J. R. Schwartz, Shyamal K Roy

Research output: Contribution to journalArticle

5 Citations (Scopus)

Abstract

Interstitial cells in the neonatal hamster do not respond to LH in vitro; however, side-chain cleavage (CYP11A1) and 17α-hydroxylase (CYP17) enzyme proteins are expressed in these cells. The objective of the study was to evaluate whether the cAMP second messenger system was active in these cells and if cAMP upregulates the levels of CYP11A1 and CYP17 mRNA. Interstitial cells (ICs) were cultured for 96 h in the presence of 5% fetal bovine serum and then cultured in serum-free medium in the presence of LH, forskolin, or 8-Br-cAMP for 24 h.
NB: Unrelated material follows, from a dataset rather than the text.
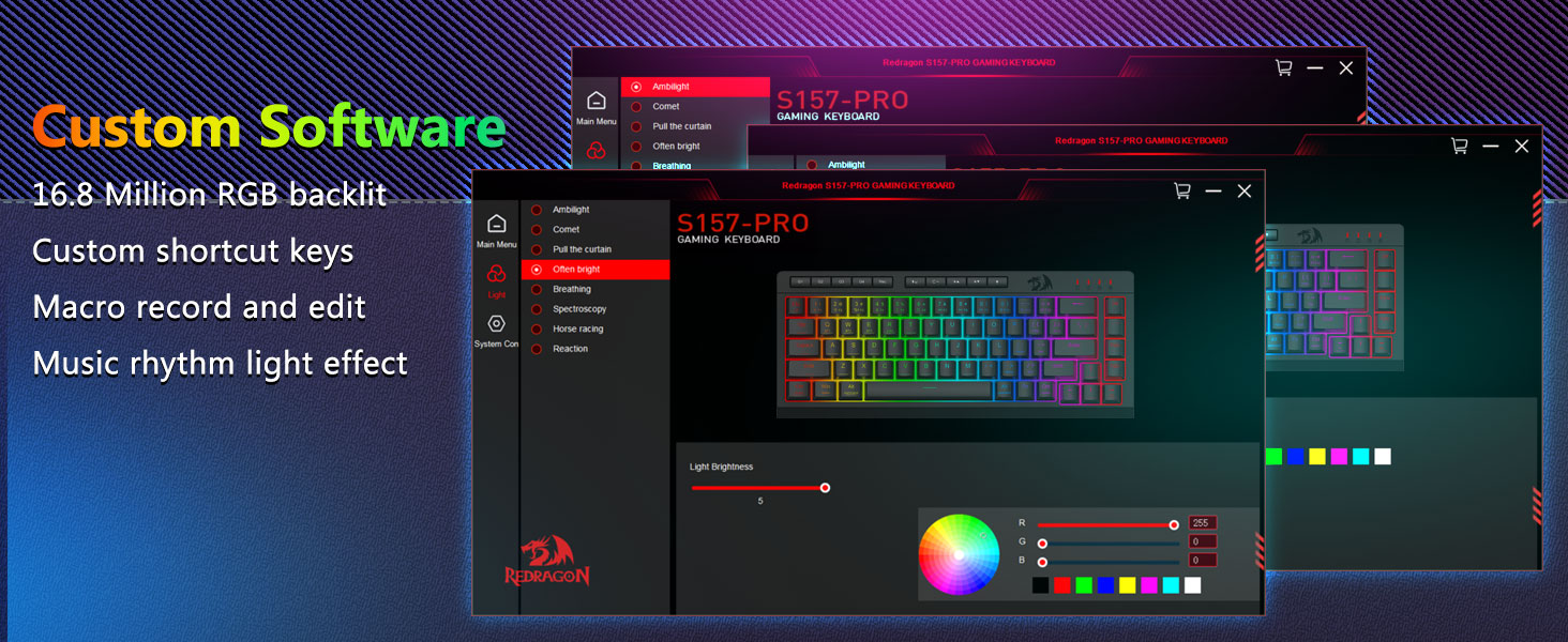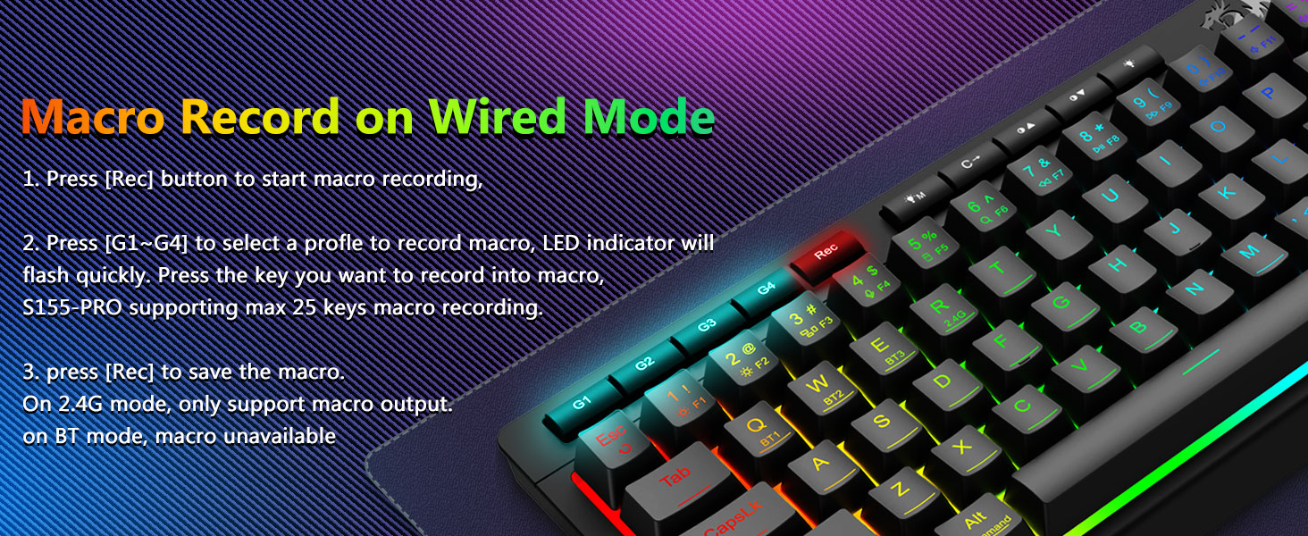 Настраиваемые макросы, специальные элементы управления с подсветкой- Программируйте 4 встроенные макроклавиши (G1-G4) мгновенно — никакого программного обеспечения не требуется. Записывайте сложные комбинации для игр, сочетания клавиш для повышения производительности или мультимедийные команды. Измените свой рабочий процесс за считанные секунды. Вы также можете использовать программное обеспечение для настройки функций, создания макросов, настройки RGB-подсветки и установки ярлыков. Благодаря клавишам с защитой от ореолов (клавиши с подчеркиванием), которые позволяют одновременно работать 26 клавишам для быстрого и точного реагирования в игре так, как вы задумали. Кнопки быстрого доступа к параметрам «Яркость», «Режим освещения» и «Игровой режим» позволяют быстро регулировать яркость, профили освещения и включать игровой режим одним нажатием кнопки.

The accumulation of cAMP, progesterone, and androstenedione was measured by radioimmunoassay, whereas CYPllA1 and CYP17 mRNA levels were determined by a semiquantitative reverse transcription-polymerase chain reaction and Southern hybridization analysis. LH failed to induce either progesterone or androstenedione production; however, forskolin stimulated cAMP production by interstitial cells in a dose-dependent manner. Moreover, both forskolin and 8-Br-cAMP significantly elevated the levels of CYP11A1 and CYP17 mRNA and induced progesterone synthesis by the interstitial cell monolayer. Despite the increase in CYP17 mRNA levels by 8-Br-cAMP, no appreciable change was noted in androstenedione production. These results suggest that, in vitro, a fully functional adenylate cyclase system is present in cultured interstitial cells of the neonatal hamster and that cAMP can influence the expression of CYP11A1 and CYP17 genes; however, cultured cells do not appear to express LH receptors that are functionally linked to the adenylate cyclase system. Moreover, the translation of CYP17 mRNA may require additional factors, which may originate from maturing granulosa cells.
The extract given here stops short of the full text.